Energy crisis and environmental issues are among the challenges threatening the sustainable development of the human society. The renewable resources, especially wind power, have huge potential in tackling these challenges, and over the decades have drawn increasing attention. In recent 20 years, the annual growth worldwide of newly installed wind power capacity maintains a very high speed. By the end of 2013, there are over two hundred thousand wind turbines operating with a total nameplate capacity of 318137 MW, among which over 77580 MW is installed in China and 61100 MW in the US [1]. Though the wind power provides clean and economical energy [2], it arouses operation puzzles. One of the operation puzzles is that the stochastic and intermittent nature complicates the scheduling of conventional thermal unit. In addition to operation technological challenge, the scheduling puzzle is apt to offset the financial benefits. Therefore, it draws more and more researchers’ attention to enhancing the economy of the wind power systems via optimal scheduling.

There are already abundant studies on unit commitment and dispatch for power systems containing wind power. Unit commitment for systems with large-scale wind power was firstly studied more than 20 years ago [35]. In these studies, practical and concise power control algorithms were proposed. However, they are too simple to apply in current complex power grids. In [6], a new simulation method that can fully assess the impacts of large-scale wind power on system operations was proposed and the impacts were analyzed with the Dutch power system. Due to the forecast error, the effectiveness of unit commitment lessens. In [7], a scenario tree tool was developed which allows forecast error statistics to be altered and facilitates the study of how these statistics impact on unit commitment and system operation.
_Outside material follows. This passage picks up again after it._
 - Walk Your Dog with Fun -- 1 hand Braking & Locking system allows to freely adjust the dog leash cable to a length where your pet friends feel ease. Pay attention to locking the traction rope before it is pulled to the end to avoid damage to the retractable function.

In [8], a novel unit commitment model was proposed to handle the stochastic nature of wind power. In the model, day-ahead and intra-day two stage stochastic optimization was employed. A fuzzy-optimization approach was introduce in [9] to solving the generation scheduling problem with consideration of wind and solar energy systems. In the presented model, wind speed and solar radiation errors can be taken into account using fuzzy sets. But the above mentioned studies focused solely on the scheduling of thermal units to fit the randomness of load and wind power but neglect demand side participation. Reference [10] assessed the value of demand side for wind integration in unit commitment. Multi-stage robust unit commitment approach was proposed to consider the uncertainties of wind and demand response in [11]. Compared with the previous research, this study took the thermal units and demand response into account and dealt with the uncertainties effectively. In addition, numerous studies potently promoted unit commitment considering demand response [1214]. In terms of similar studies, critical peak pricing (CPP), one of the other popular demand response program, was scheduled in the multi-stage unit commitment with wind power [15] and the similar studies was conducted in [16].
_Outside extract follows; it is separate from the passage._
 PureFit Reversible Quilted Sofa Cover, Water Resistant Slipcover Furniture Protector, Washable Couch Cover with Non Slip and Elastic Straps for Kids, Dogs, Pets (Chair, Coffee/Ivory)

Real-time pricing (RTP), one of the price-based demand response means, can guide the power customers’ consumption behavior with the price signal. In this paper, RTP participates in the scheduling to promote the economic operation. Hereinafter, the RTP is generally referred to as demand response. On one hand, demand response brings economic benefits for both power suppliers and customers, but on the other hand it sometimes affects the convenience of the customers. Therefore, customer satisfaction is introduced into the optimal scheduling to avoid extreme demand response. The concept of customer satisfaction was used in many areas [17] as well as in research on power systems [18]. This paper aims to build customer satisfaction constraints to restraint the demand response and study the impacts of the satisfaction indices on the optimal operation. The determination of satisfaction indices criteria is the compromise of economy and comfort level, which is beyond the scope of this paper.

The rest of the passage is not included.